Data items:
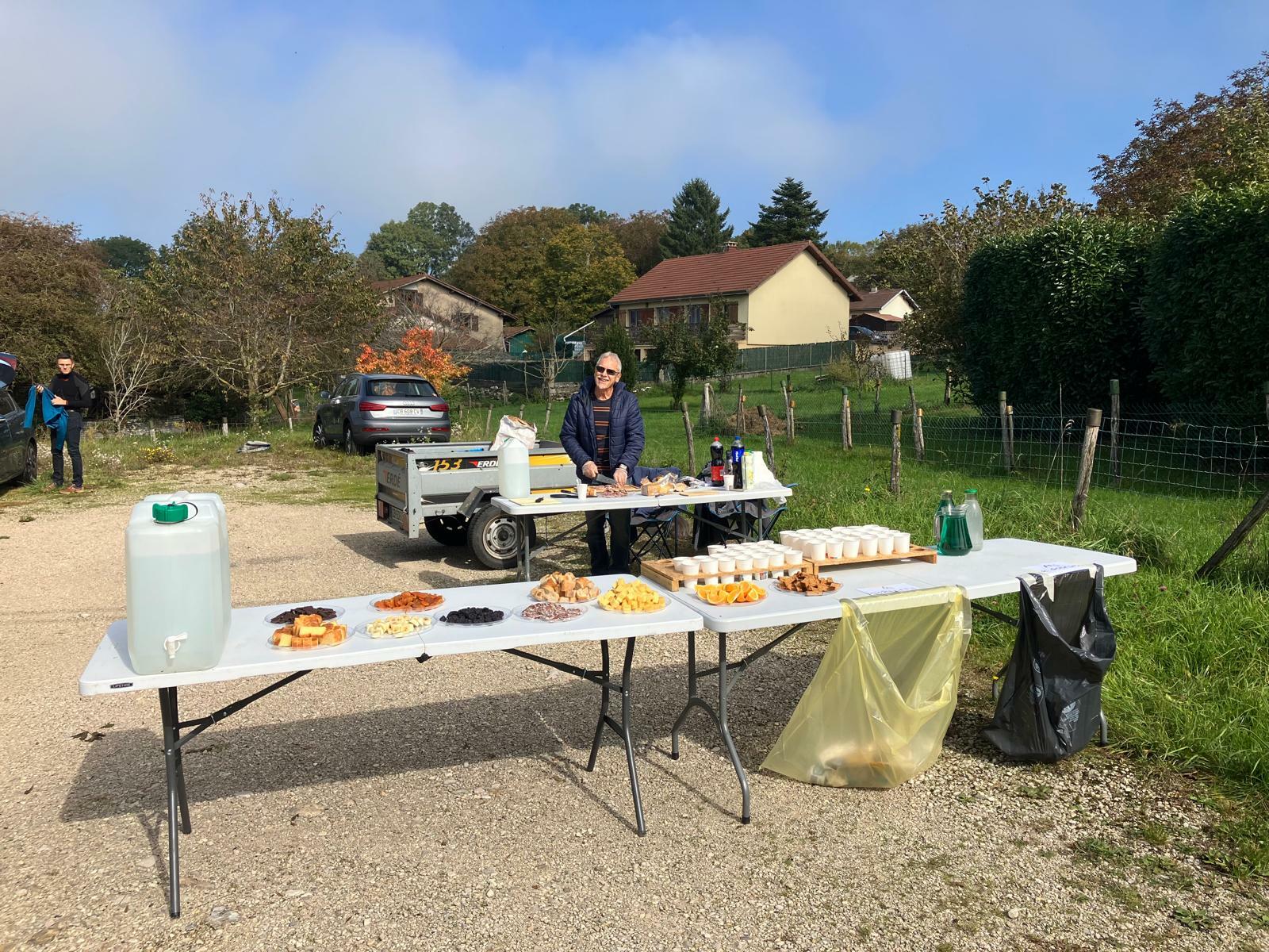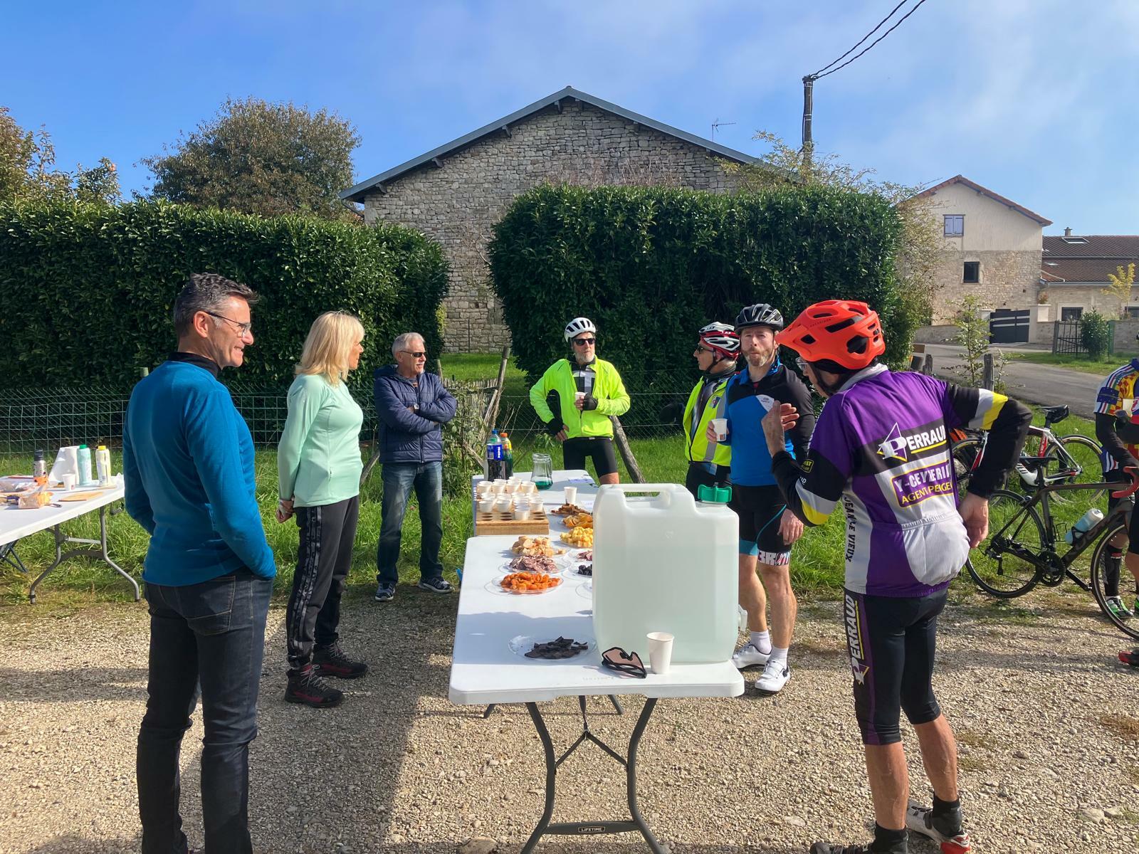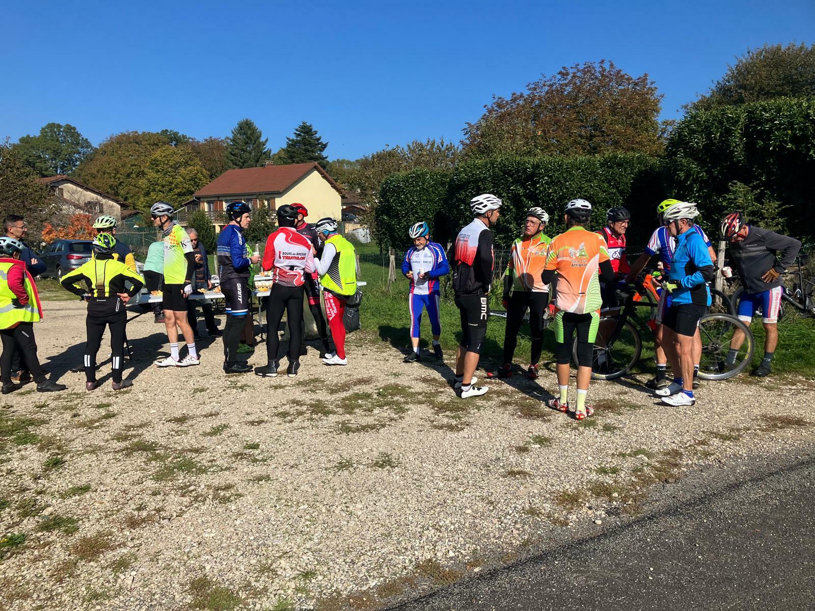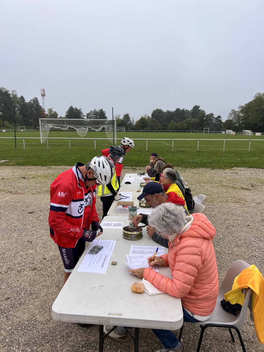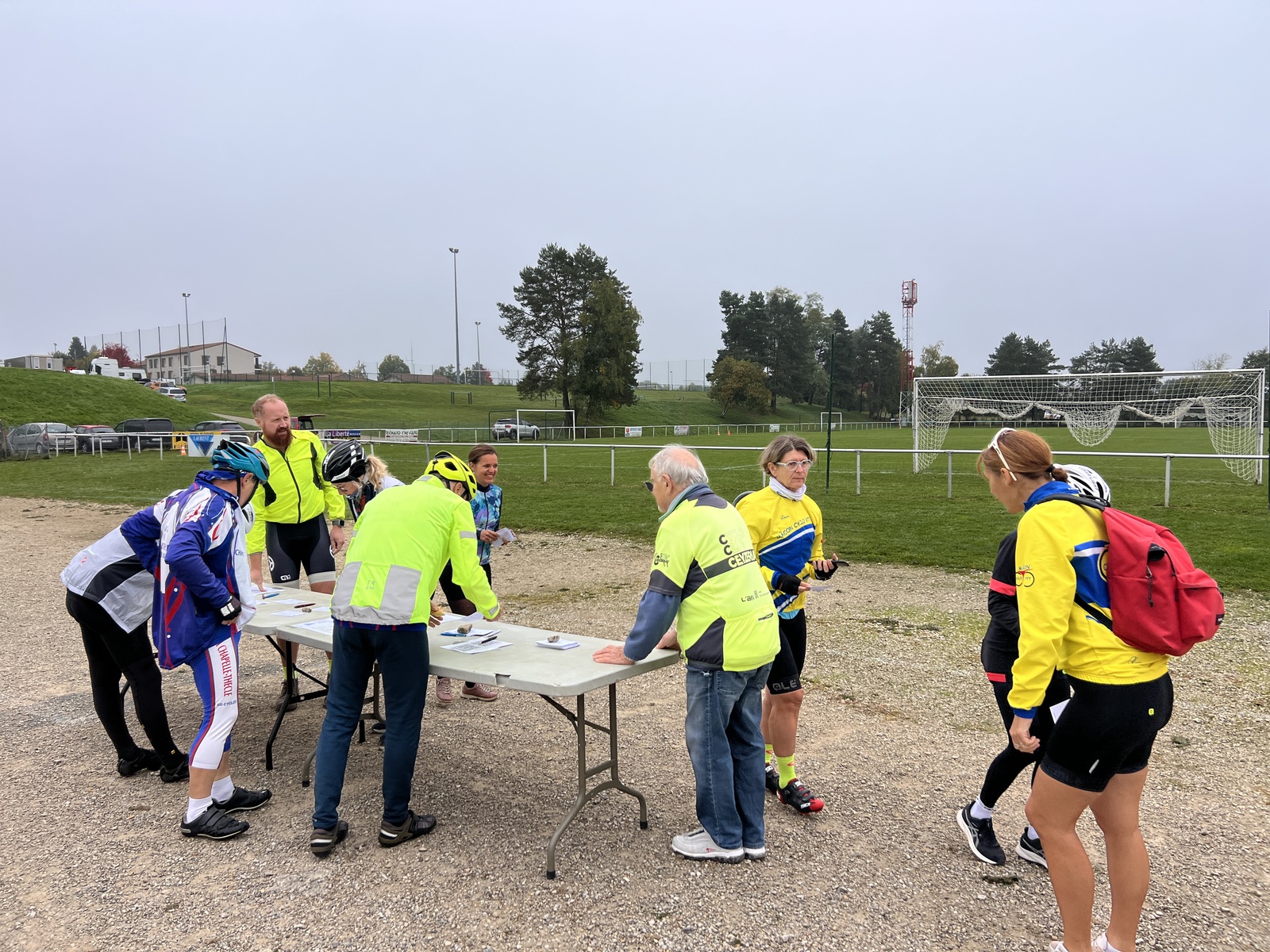 La grisaille et la température à Ceyzériat ne donnaient pas trop envie de sortir le vélo le samedi 11 octobre pour la randonnée de la Grand'Margot. Malgré tout 219 cyclistes ont participé à cette édition. Lorsqu'ils sont monté à Grand Corent, Cornod et Arnans ils ont trouvé le soleil et la chaleur. Mais ensuite c'était difficile de repartir du ravito d'Arnans alors que le brouillard tentait de monter jusque là. La descente à Chavannes et le retour ont imposé de remettre le coupe vent. Même le relai que les plus courageux ont grimpé, était dans le brouillard très épais en fin de journée. Presque tous les adhérents du club étaient là pour assurer la logistique de cette journée bien appréciée par les participants. Et la soirée s'est poursuivie par un repas festif dans une ambiance très conviviale.
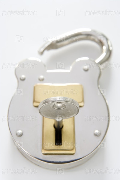 Замок с ключом на белом фоне
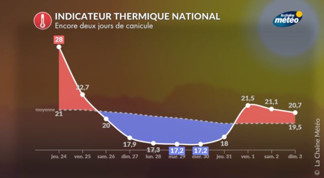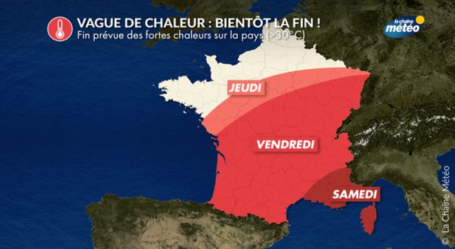 Après une semaine de blocage anticyclonique associé à un dôme de chaleur sur la partie sud du pays, la situation météo va rapidement évoluer à partir de jeudi. L'anticyclone va se décaler vers l'Europe Centrale tandis qu'une dépression va remonter du golfe de Gascogne vers le nord-est en faisant circuler une masse d'air plus humide et instable avec le retour des orages. Après le passage de ces orages, le flux s'orientera au nord-ouest dès vendredi, ramenant de l'air océanique plus frais en provenance des Iles Britanniques. Les régions du sud-est conserveront encore des températures très élevées tandis qu'une nette baisse des températures concernera les régions allant du sud-ouest au nord-est et au centre-est. Samedi, l'ensemble du pays sera sorti de l'épisode de canicule même si les températures avoisineront encore les 30°C sur l'extrême sud-est et la Corse.
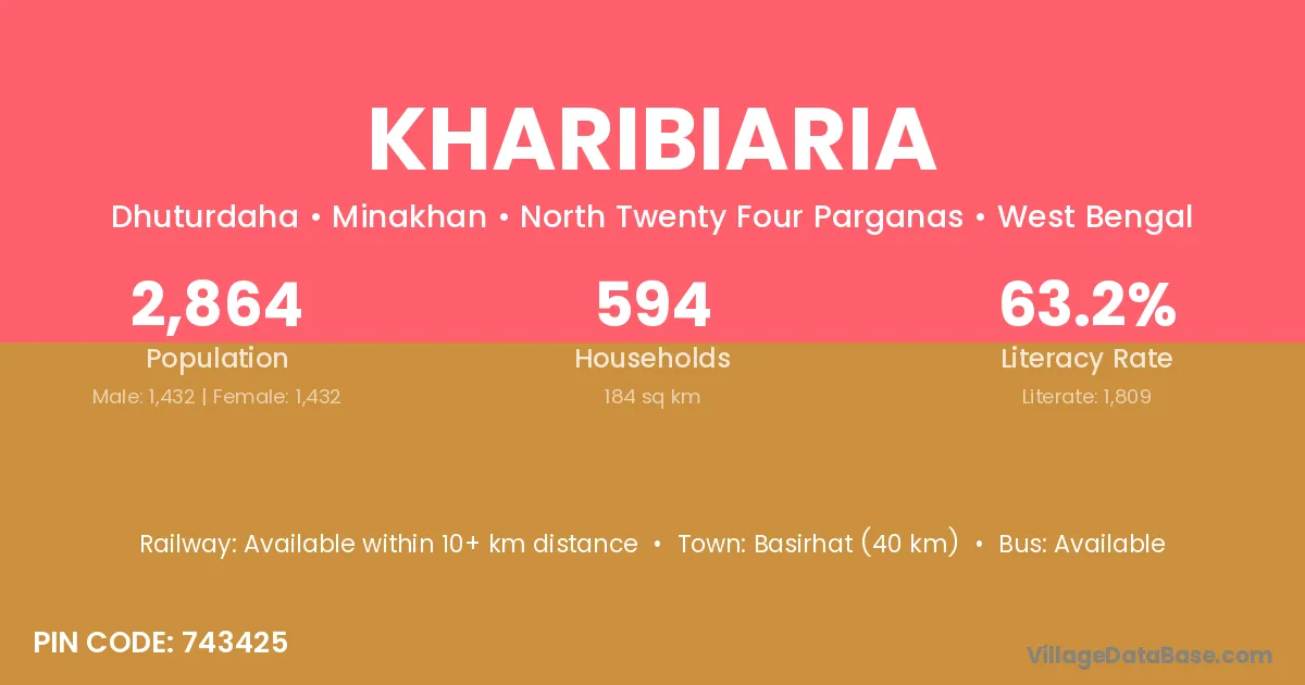 Basirhat (40 km) is the nearest town to Kharibiaria village for major economic activities and is located approximately 40 km away.
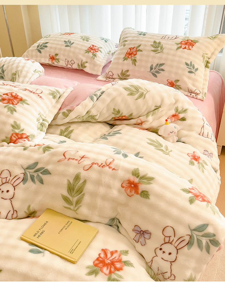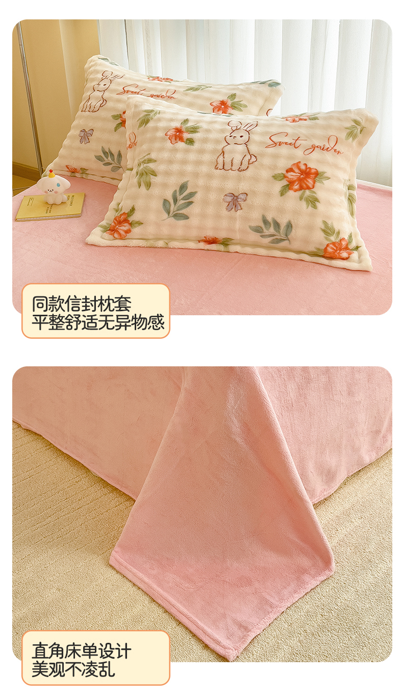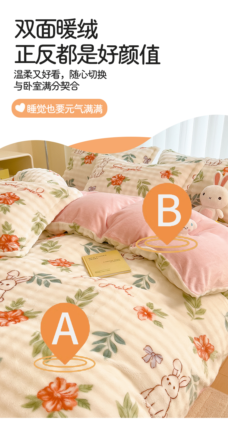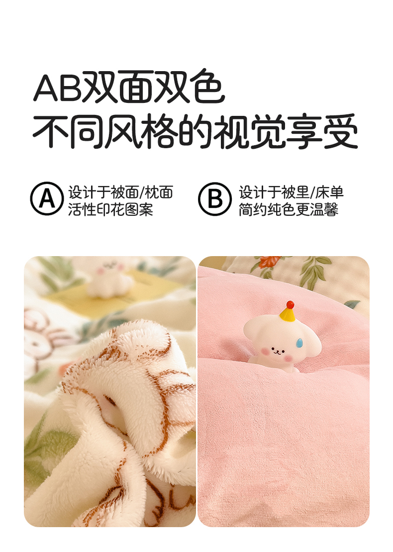 当前位置: 91家纺网 > 商品网购 > 床品套件 > 四件套 > 兔毛绒四件套 > 兄弟坊 2024新款泡泡印花兔毛绒四件套 花间兔兔-1
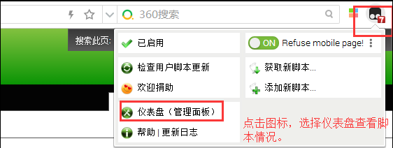 3.查看腳本:可能有人還是不放心,腳本的安裝情況,可以點擊Tampermonkey圖標,選擇儀表盤(管理面板)查看腳本情況
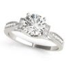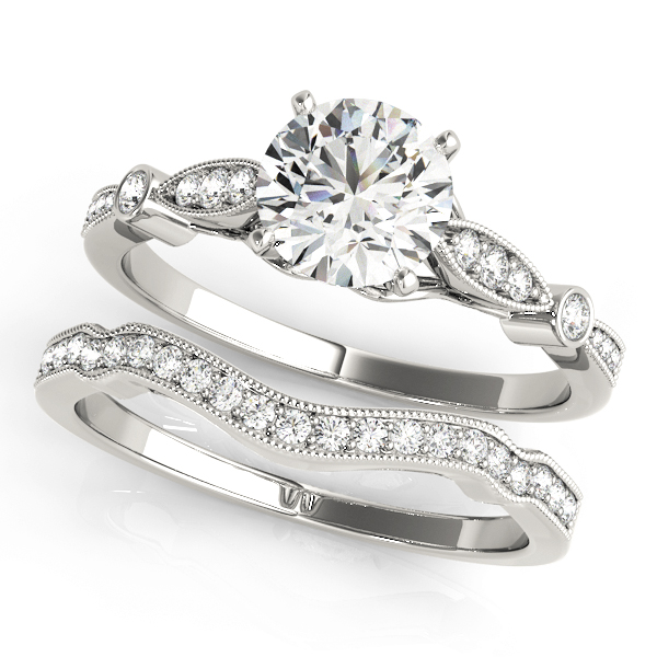 14k White Gold Engagement Ring with 8 – .01PT Round & 6 – .0075PT Round Stones, equal to 1/8 carats total weight. This ring has an optional matching Wedding Band. Can be customized to fit any stone and in any material. Please contact Ronelli Corp for custom orders and modification information, as pricing may vary.
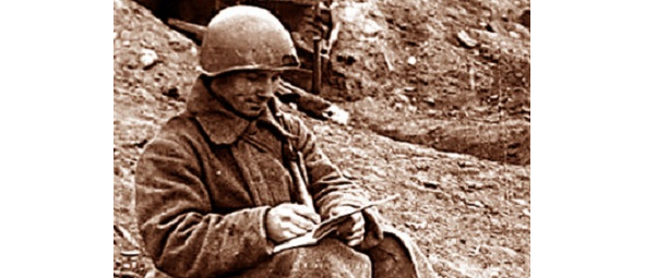 Над землянкой теснойМартовское небо.Солнце нижет воздухЗолотой тесьмой.На моих коленях,С котелком и хлебом,Из дому от мамыТеплое письмо.Пишет мне из дома,Задает вопросы:«Как ты там, сыночек?Как на фронте жизнь?»А меж тесных строчек,Вижу – капли… слезы…Темными кружочкамиВсюду разошлись.Как ее утешить?Что ответить маме,Чтоб не застилалиБольше слезы свет?По привычке старойЭтими стихамиНа листе блокнотаЯ пишу ответ.
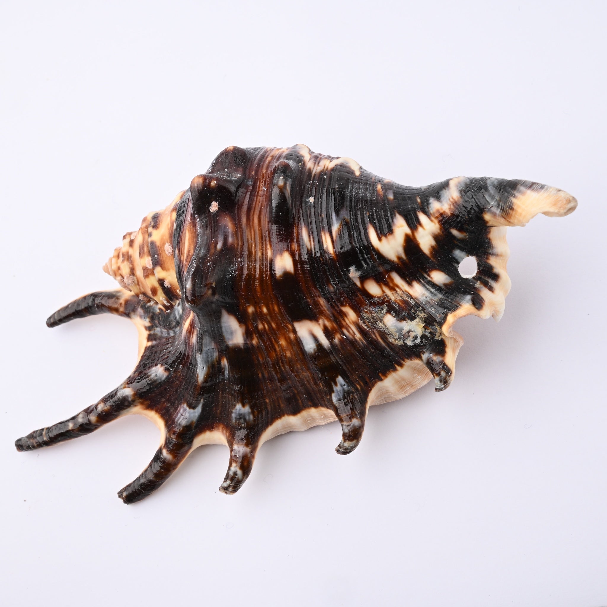 La Lambis Lambis Dark è una rivisitazione ombrosa e affascinante della classica conchiglia ragno. In questa variante, le tonalità chiare lasciano il posto a una palette profonda e decisa: il guscio è dominato da macchie e striature color cioccolato fondente, caffè tostato e nero, che avvolgono la superficie e le caratteristiche "dita" ricurve. Questo aspetto "bruciato" e misterioso ne accentua la silhouette scultorea, rendendola un accessorio dal forte carattere tribale e gotico-chic. Già dotata di foro, è il pendente perfetto per chi cerca un gioiello naturale che esprima forza e personalità, ideale da abbinare a cordini in cuoio scuro o catene brunite.
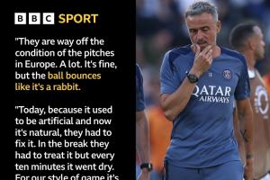 恩里克说:“这里的球场条件与欧洲的球场差得很远。差别很大,虽然还算可以,但球在场地上弹跳得像兔子一样。
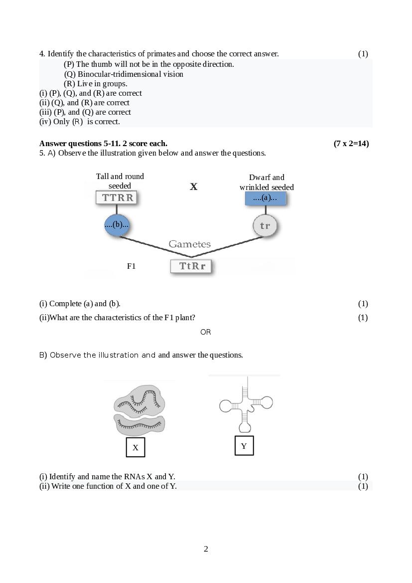 - Kerala Std 10 Biology Model Question Paper

Task instructions:
With the pictures left out, write out exactly the lines above from the one containing "Après une semaine" through the one containing "Над землянкой теснойМартовское".

Output below:
 Après une semaine de blocage anticyclonique associé à un dôme de chaleur sur la partie sud du pays, la situation météo va rapidement évoluer à partir de jeudi. L'anticyclone va se décaler vers l'Europe Centrale tandis qu'une dépression va remonter du golfe de Gascogne vers le nord-est en faisant circuler une masse d'air plus humide et instable avec le retour des orages. Après le passage de ces orages, le flux s'orientera au nord-ouest dès vendredi, ramenant de l'air océanique plus frais en provenance des Iles Britanniques. Les régions du sud-est conserveront encore des températures très élevées tandis qu'une nette baisse des températures concernera les régions allant du sud-ouest au nord-est et au centre-est. Samedi, l'ensemble du pays sera sorti de l'épisode de canicule même si les températures avoisineront encore les 30°C sur l'extrême sud-est et la Corse.
 Basirhat (40 km) is the nearest town to Kharibiaria village for major economic activities and is located approximately 40 km away.
 当前位置: 91家纺网 > 商品网购 > 床品套件 > 四件套 > 兔毛绒四件套 > 兄弟坊 2024新款泡泡印花兔毛绒四件套 花间兔兔-1
 3.查看腳本:可能有人還是不放心,腳本的安裝情況,可以點擊Tampermonkey圖標,選擇儀表盤(管理面板)查看腳本情況
 14k White Gold Engagement Ring with 8 – .01PT Round & 6 – .0075PT Round Stones, equal to 1/8 carats total weight. This ring has an optional matching Wedding Band. Can be customized to fit any stone and in any material. Please contact Ronelli Corp for custom orders and modification information, as pricing may vary.
 Над землянкой теснойМартовское небо.Солнце нижет воздухЗолотой тесьмой.На моих коленях,С котелком и хлебом,Из дому от мамыТеплое письмо.Пишет мне из дома,Задает вопросы:«Как ты там, сыночек?Как на фронте жизнь?»А меж тесных строчек,Вижу – капли… слезы…Темными кружочкамиВсюду разошлись.Как ее утешить?Что ответить маме,Чтоб не застилалиБольше слезы свет?По привычке старойЭтими стихамиНа листе блокнотаЯ пишу ответ.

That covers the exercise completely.